Deseo

El entró y la vio. Ella estaba allí, como caída o tirada sobre la alfombra del living. Desnuda en el silencio de la sala, como esperándolo.

El precisamente tenía ganas de algo así, y verla allí a su disposición, donde no hubiera pensado, reavivó su deseo.

Una tenue claridad se filtraba por el ventanal del departamento, empujada por los rojizos matices del atardecer.

La miró de nuevo, pausadamente, estimulando un apetito que se le estaba haciendo carne.

Ella, impasible, permanecía en el piso. Su piel parecía suave, tersa, y sus protuberancias turgentes.

El imaginó con placer, anticipadamente, su intimidad de color rosado. Quería palpar esos pelillos rubios, casi transparentes,.

La recorrió lentamente con la vista.

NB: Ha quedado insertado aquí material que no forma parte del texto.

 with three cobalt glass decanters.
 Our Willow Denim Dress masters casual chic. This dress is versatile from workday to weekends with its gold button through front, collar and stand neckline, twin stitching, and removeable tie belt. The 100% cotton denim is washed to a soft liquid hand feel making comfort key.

Ella se dejaba poseer anticipadamente con la mirada. Sus curvaturas lisas, llenas, eran casi perfectas. Tenía unas redondeces sutiles y bellas.

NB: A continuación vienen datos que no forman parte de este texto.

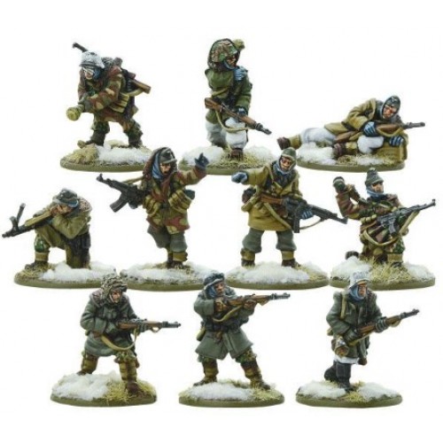 Ces figurines sont représentées portant un mélange de parkas M40 doublées de laine et de parkas M43 doublées de fourrure délivrées aux troupes de la Waffen-SS - ces dernières étant disponibles en camouflage gris, beige ou italien.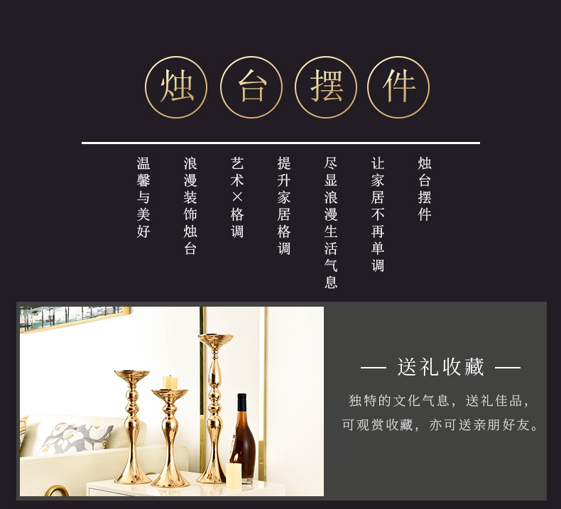 美式创意烛台摆件家居浪漫烛光晚餐餐桌铁艺装饰婚庆道具花器路引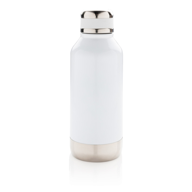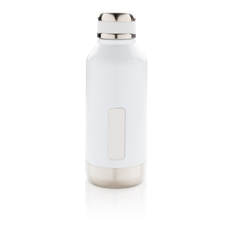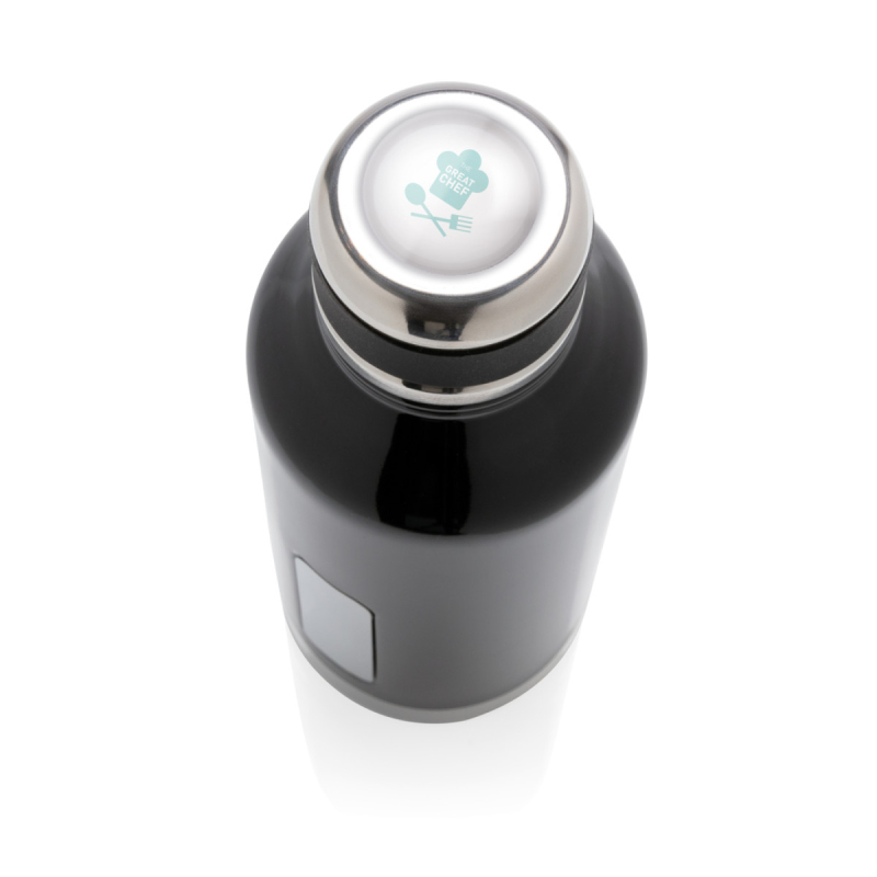Nepropustná termo láhev se šroubovacím uzávěrem. Unikátní možnost brandingu na vyhrazený plíšek na přední straně. Nerezavějící ocel 304 SS uvnitř a 201 SS vně. Nápoj udrží až 5h horký a až 15h studený. Objem: 500ml.

El pensó que, primero, podría recorrer su superficie con sus labios sintiéndola cerca y percibiendo su aroma. Y pensó en el placer de deslizar sobre ella sus dedos, como patines sobre su piel antes de hacerla suya.

Pensó en hincar sus dientes suavemente en esa anatomía perfecta, digna del mejor diseñador.

Ella se dejaba desear, desdeñosa. Silenciosa.

Finalmente él no pudo más. Sudoroso, sediento y  acelerado como había llegado, se abalanzó sobre ella. Ella no opuso resistencia.

El la tomó en sus manos con fuerza, casi con brutalidad, y la fue acercando a su boca. Sintió su perfume salvaje.

Cuando iba a producirse el acto supremo, saciando uno de los instintos más primitivos del género humano, él sonrió. Realmente encontrarla era una agradable sorpresa.

Ella era bellísima y apetitosa. Era la mejor fruta de durazno que había visto jamás.

Entonces la comió. 

(Mercedes, Corrientes; 1978)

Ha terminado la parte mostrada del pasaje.